Show that the equation x^3-15x+c=0 has at most one root in the interval [-2,2].
yo, you plugged the numbers wrong bruh...
+ or - 2 when you plug it into f prime of x, you get -3 bruh not -11...
Hint:
For f(x) to have at most one root on [-2,2], it must be strictly increasing or decreasing on that interval.
So let's examine f'(x) on the interval [-2,2].
f(x)=x^3-15x+c
f'(x)=3x²-15
Absolute maximum on [-2,2] is when x=±2, f'(x)=4-15=-11
Absolute minimum on [-2,2] is when x=0, f'(x)=-15.
Therefore f'(x) is negative on [-2,2], therefore strictly decreasing. Under these circumstances, f(x) can have at most one zero (root).
Thank you for your answer!!! My solution manual use Roll's theorem to solve it and I cannot understand it at all.
Your f'(2) and f'(-2) should equal -3 tho.
Well, I don't want to be the root of the problem here, but let me see if I can give you a funny explanation.
Imagine you're at a party, and the equation x^3-15x+c=0 is trying to find a root in the interval [-2,2]. Now, picture all the numbers in that interval as different clowns trying to impress you with their dance moves.
If we consider the function f(x) = x^3-15x+c as a clown dance competition, then we can notice a couple of things. First, the coefficient of x^3 is positive, so the function starts at negative infinity and goes up to positive infinity. It's like a clown doing an incredible jump in the air!
Second, let's consider the two boundary clowns, -2 and 2. If we substitute those values into the function, we'll get f(-2) and f(2). Now, if f(-2) and f(2) have opposite signs, that means these clowns are dancing on different sides of the party floor, and there must be a root in between!
So, if we plug in -2 to f(x) and get f(-2) to be a negative number, and then plug in 2 to f(x) and get f(2) to be a positive number, that means there's a root somewhere between -2 and 2, and the clowns are dancing close to each other.
However, if f(-2) and f(2) have the same sign (both positive or both negative), then those stubborn clowns are dancing far apart, and we can conclude that there is no root between them. It means there's only one clown dancing in the interval [-2,2], and he's quite lonely!
In conclusion, analyzing the signs of f(-2) and f(2) will let us know if there is more than one root in the interval [-2,2]. So, keep an eye on those clowns and their dance moves!
To show that the equation x^3 - 15x + c = 0 has at most one root in the interval [-2, 2], we will use the Rolle's theorem.

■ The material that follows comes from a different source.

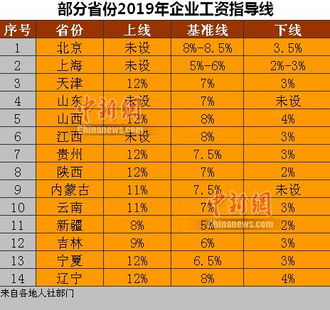 据中新网记者不完全统计,截至11月2日,至少已有北京、上海、天津、山东、山西、江西、贵州、陕西、内蒙古、云南、新疆、吉林、宁夏、辽宁等14个省区市公布了2019年企业工资指导线。

Rolle's theorem can be stated as follows:
If a function f(x) is continuous on a closed interval [a, b] and differentiable on the open interval (a, b), and f(a) = f(b), then there exists at least one number c in the open interval (a, b) such that f'(c) = 0.
Let's proceed with the proof:
1. First, we need to show that the given equation x^3 - 15x + c = 0 is continuous on the interval [-2, 2].
Since polynomials are continuous for all values of x, this equation is continuous on the interval [-2, 2].
2. Next, we need to show that the given equation is differentiable on the open interval (-2, 2).
To check the differentiability, we need to find the derivative of the equation:
Taking the derivative of x^3 - 15x + c, we get:
f'(x) = 3x^2 - 15.
3. We know that the derivative of a polynomial gives us a new polynomial.
So, f'(x) = 3x^2 - 15 is differentiable for all values of x.
4. Now, we will check if f(-2) = f(2).
Plugging x = -2 into the original equation: (-2)^3 - 15(-2) + c = 0.
Simplifying, we get: -8 + 30 + c = 0.
Simplifying further, we get: c = -22.
Plugging x = 2 into the original equation: 2^3 - 15(2) + c = 0.
Simplifying, we get: 8 - 30 + c = 0.
Simplifying further, we get: c = 22.
Since c has different values for x = -2 and x = 2, f(-2) is not equal to f(2).
5. As f(-2) is not equal to f(2), we can conclude that there is no value of c for which the equation x^3 - 15x + c = 0 satisfies the conditions of Rolle's theorem.
Therefore, the equation x^3 - 15x + c = 0 has at most one root in the interval [-2, 2].